Limestone Professor Has Essay Published In Magazine

Charles Wyatt
Limestone Professor Has Essay Published In Magazine

Limestone College English Professor Erin Pushman had an essay published in the September issue of Breastfeeding Today, the official magazine of La Leche League International.  The essay narrates Pushman's own breastfeeding challenges during her early weeks of motherhood.

“My early days of breastfeeding were quite difficult,” Pushman said. “There were many moments when I felt like a failure as a mother and as a woman. That feeling could not have been farther from the truth, and in a relatively short time, the baby and I became a successful nursing duo.”

That is exactly the point Pushman makes to her readers in the essay.

In July, Pushman earned her accreditation as a La Leche League Leader.  “It is a significant time commitment,” Pushman said, "but I feel serving the community as a Leader is one of the most important things I can do.”

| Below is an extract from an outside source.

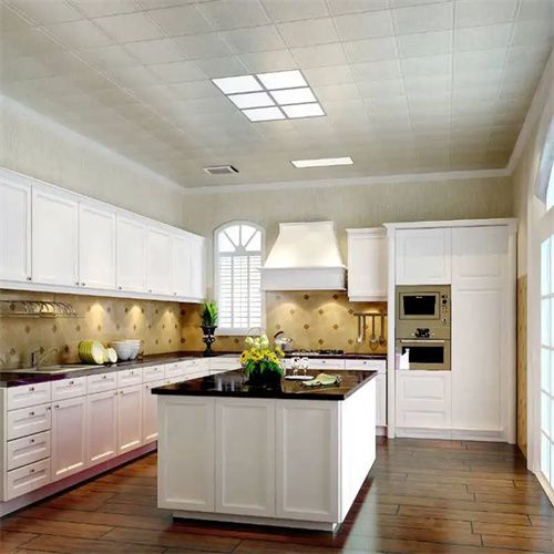 4、为了看清楚厨房的操作台,建议在吊柜底部按照一个射灯或筒灯,会减少我们做饭时的阴影,使用起来更加方便、安全,避免不小心切到手的危险。

The La Leche League International is a nonprofit organization founded in 1956 that has a presence in 68 countries. The group’s mission is to help mothers worldwide to breastfeed through mother-to-mother support, encouragement, information, and education, and to promote a better understanding of breastfeeding as an important element in the healthy development of the baby and mother.

The Leader accreditation process was comprehensive and Pushman spent one year completing it. Near the end of the process, she decided to submit to the magazine.

“Typically, I publish essays in literary journals, but I wanted to reach a wider readership,” Pushman noted.  As she prepared to begin helping other mothers through their own nursing struggles, Pushman thought about the kind of story that would have helped her when she was a new mom. “I remember feeling so alone,” she explained. “I felt like I was the only mom in the world to go through something like this.” Pushman said that is why she wrote the essay.

The essay closes with these thoughts: “If I went back and lived those supply-building days again, I wouldn't change a thing, except I'd lose the grief. While I was working so hard to make more milk, I wasn't failing as a mother…  I was feeding my baby.”